Bonus - Comprehensive Preprocessing Function:

Create a function you can call it clean_medical_text(text) that incorporates all the preprocessing steps: normalization, punctuation removal, keyword filtering, lemmatization, and stopword removal. Objective: Produce a clean output from any given medical text, demonstrating how to streamline these preprocessing steps into a single, reusable function.

In [None]:
import re
import nltk
from nltk.corpus import stopwords
from nltk.tokenize import word_tokenize, sent_tokenize
from nltk.stem import WordNetLemmatizer

# Ensure necessary NLTK resources are downloaded
nltk.download('stopwords')
nltk.download('punkt')
nltk.download('wordnet')

# Define the function
def clean_medical_text(text):
    """
    Preprocesses medical text by normalizing, removing punctuation,
    filtering keywords, lemmatizing, and removing stopwords.

    Parameters:
        text (str): The input medical text.

    Returns:
        dict: Contains cleaned text, matched keywords, and tokenized sentences.
    """
    # Normalization: Convert to lowercase
    text = text.lower()

    # Define comprehensive stopwords (English + medical-specific)
    english_stopwords = set(stopwords.words('english'))
    medical_stopwords = english_stopwords.union({
        "patient", "doctor", "mg", "ml", "tablet", "symptom",
        "treatment", "disease", "prescription", "daily", "diagnosed",
        "dose", "day", "result", "study"
    })

    # Remove punctuation
    text = re.sub(r'[^\w\s]', '', text)

    # Tokenize the text into words
    words = word_tokenize(text)

    # Remove stopwords
    words = [word for word in words if word not in medical_stopwords]

    # Lemmatization
    lemmatizer = WordNetLemmatizer()
    lemmatized_words = [lemmatizer.lemmatize(word) for word in words]
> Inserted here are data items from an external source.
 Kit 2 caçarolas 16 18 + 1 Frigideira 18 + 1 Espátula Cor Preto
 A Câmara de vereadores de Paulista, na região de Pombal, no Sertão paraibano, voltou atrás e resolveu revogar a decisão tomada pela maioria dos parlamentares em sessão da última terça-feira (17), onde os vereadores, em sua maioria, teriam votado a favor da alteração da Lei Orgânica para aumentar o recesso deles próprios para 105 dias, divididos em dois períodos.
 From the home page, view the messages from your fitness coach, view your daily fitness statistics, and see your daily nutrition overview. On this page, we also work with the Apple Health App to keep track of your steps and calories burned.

    # Reconstruct the cleaned text
    cleaned_text = ' '.join(lemmatized_words)

    # Define keywords for filtering
    keywords = ['diabetes', 'cancer', 'hypertension']
    pattern = re.compile(r'\b(?:' + '|'.join(keywords) + r')\b', flags=re.IGNORECASE)
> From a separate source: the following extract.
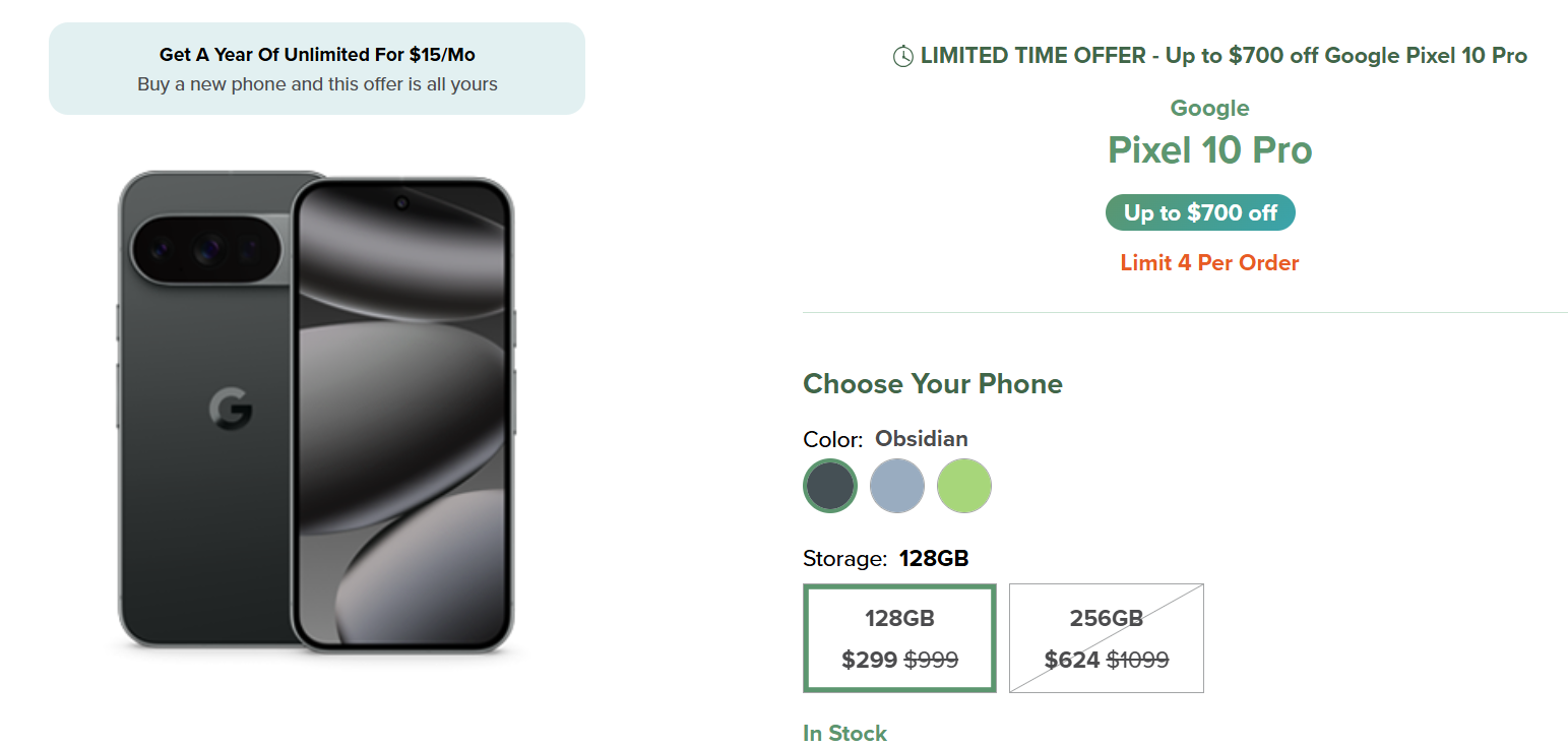 - Mint Mobile is offering a 128GB Pixel 10 Pro Smartphone + 1-Yr Unlimited Plan For $479

    # Filter for keywords and tokenize sentences
    matched_keywords = pattern.findall(cleaned_text)
    tokenized_sentences = sent_tokenize(cleaned_text)
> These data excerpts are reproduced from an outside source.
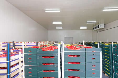 Peppers Vegetables in Boxes in Distribution Warehouse
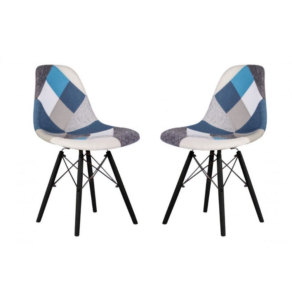Sedia Perdita in tessuto patchwork con gambe in legno con supporto in metallo nero set 4 pezzi
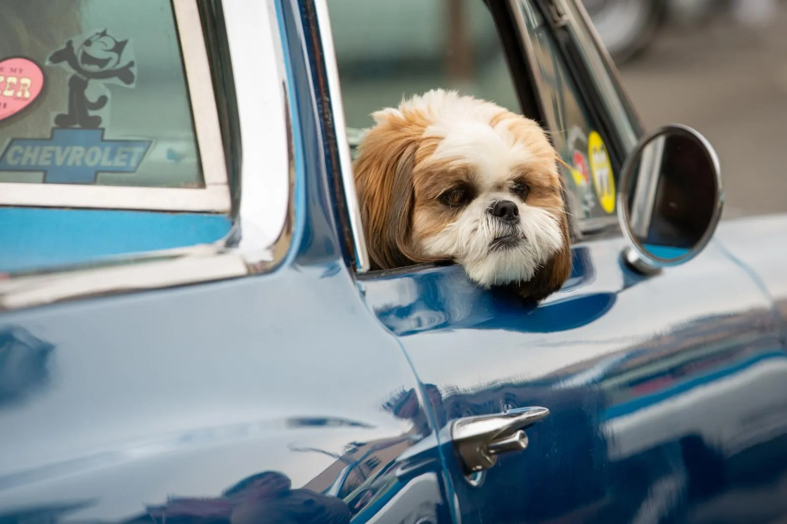 A dog appears out of the passenger side of a classic car as they cruise down Euclid Ave. during the Route 66 Cruisin’ Reunion on Saturday, September 21, 2024, in downtown Ontario.

    # Return results as a dictionary
    return {
        "cleaned_text": cleaned_text,
        "matched_keywords": matched_keywords,
        "tokenized_sentences": tokenized_sentences
    }

# Example usage
if __name__ == "__main__":
    medical_texts = [
        "The patient was diagnosed with diabetes and hypertension.",
        "Cancer treatment is ongoing.",
        "The prescribed dose is 500mg daily for the patient.",
        "No significant findings were noted in the study."
    ]

    # Apply the function to each medical text
    for text in medical_texts:
        result = clean_medical_text(text)
        print("Original Text:", text)
        print("Cleaned Text:", result["cleaned_text"])
        print("Matched Keywords:", result["matched_keywords"])
        print("Tokenized Sentences:", result["tokenized_sentences"])
        print("-" * 50)


Original Text: The patient was diagnosed with diabetes and hypertension.
Cleaned Text: diabetes hypertension
Matched Keywords: ['diabetes', 'hypertension']
Tokenized Sentences: ['diabetes hypertension']
--------------------------------------------------
Original Text: Cancer treatment is ongoing.
Cleaned Text: cancer ongoing
Matched Keywords: ['cancer']
Tokenized Sentences: ['cancer ongoing']
--------------------------------------------------
Original Text: The prescribed dose is 500mg daily for the patient.
Cleaned Text: prescribed 500mg
Matched Keywords: []
Tokenized Sentences: ['prescribed 500mg']
--------------------------------------------------
Original Text: No significant findings were noted in the study.
Cleaned Text: significant finding noted
Matched Keywords: []
Tokenized Sentences: ['significant finding noted']
--------------------------------------------------


[nltk_data] Downloading package stopwords to /root/nltk_data...
[nltk_data]   Package stopwords is already up-to-date!
[nltk_data] Downloading package punkt to /root/nltk_data...
[nltk_data]   Package punkt is already up-to-date!
[nltk_data] Downloading package wordnet to /root/nltk_data...
[nltk_data]   Package wordnet is already up-to-date!